OneLake – Page 4 – Small Data And self service

Reading a Delta Table Hosted in OneLake from Snowflake

I recently had a conversation about this topic and realized that it’s not widely known that Snowflake can read Delta tables hosted in OneLake. So, I thought I’d share this in a blog post.

Fundamentally, this process is similar to how XTable in Fabric works, but in reverse—it converts a Delta table to Iceberg by translating the table metadata ( AFAIK, Snowflake don’t use Xtable but an internal tool)

How It Works

External Volume and File Section

When creating an external volume in Snowflake that points to OneLake, only the Files section is supported. This isn’t an issue because you can simply add a shortcut that points to a schema.
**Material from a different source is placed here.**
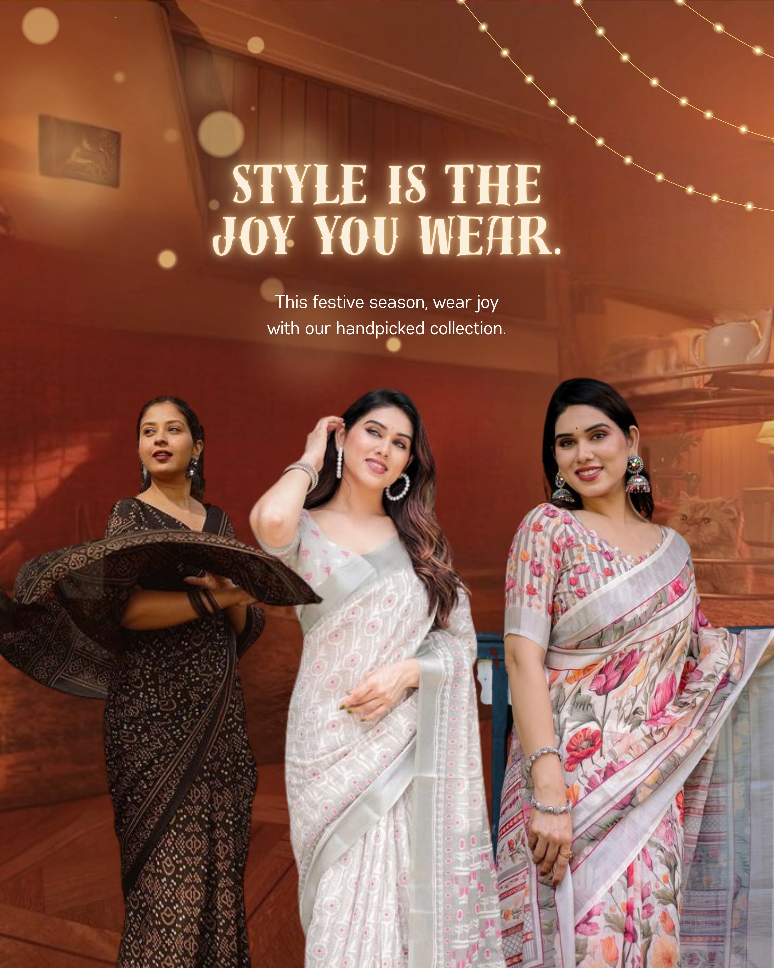 Pure Linen Sarees: Known for their lightweight feel and sophisticated appeal, Almaari’s linen sarees are perfect for women who value comfort and elegance. These sarees are enhanced with intricate digital prints and tassels, making them a versatile choice for both casual and formal occasions.

SQL Code to Set Up External Volume and Map an Existing Table

CREATE OR REPLACE EXTERNAL VOLUME onelake_personal_tenant_delta
   STORAGE_LOCATIONS =
      (
         (
            NAME = 'onelake_personal_tenant_delta',
            STORAGE_PROVIDER = 'AZURE',
            STORAGE_BASE_URL = 'azure://onelake.dfs.fabric.microsoft.com/python/data.Lakehouse/Files',
            AZURE_TENANT_ID = 'xxxxxxxxxxxxxxxxxxxxxxxxxxxxxxxxxxx'
         )
      );

DESC EXTERNAL VOLUME onelake_personal_tenant_delta;

One-Time Setup: Authentication

You’ll need to complete a one-time authentication step:

Copy the AZURE_CONSENT_URL from the output.
Open it in your browser: "AZURE_CONSENT_URL":"https://login.microsoftonline.com/xx/oauth2/authorize?client_id=yy&response_type=code"
Ensure you select the correct email address that has access to your tenant.
This will create an Azure multi-tenant app with a service principal.
Add this service principal to your workspace so that Snowflake can access the data.

Setting Up the Iceberg Table

CREATE OR REPLACE CATALOG INTEGRATION delta_catalog_integration
  CATALOG_SOURCE = OBJECT_STORE
  TABLE_FORMAT = DELTA
  ENABLED = TRUE;

CREATE DATABASE IF NOT EXISTS ONELAKE;

CREATE SCHEMA IF NOT EXISTS delta;

CREATE ICEBERG TABLE ONELAKE.delta.test
  CATALOG='delta_catalog_integration'
  EXTERNAL_VOLUME = 'onelake_personal_tenant_delta'
  BASE_LOCATION = 'aemo/test/';

SELECT COUNT(*) FROM ONELAKE.delta.test;

and here is the result

Limitations

Deletion Vectors Are Not Supported:
If your table contains deletion vectors, make sure to run OPTIMIZE to handle them properly.

Reading BigQuery Iceberg Tables in Fabric

This is a quick guide on correctly reading Iceberg tables from BigQuery. Currently, there are two types of Iceberg tables in BigQuery, based on the writer:

BigQuery Iceberg Table

This is the table written using BigQuery engine

Iceberg Tables Written Using the BigQuery Metastore

Currently, only Spark is supported. I assume that, at some point, other engines will be added. The implementation is entirely open source but currently supports only Java (having a REST API would have been a nice addition).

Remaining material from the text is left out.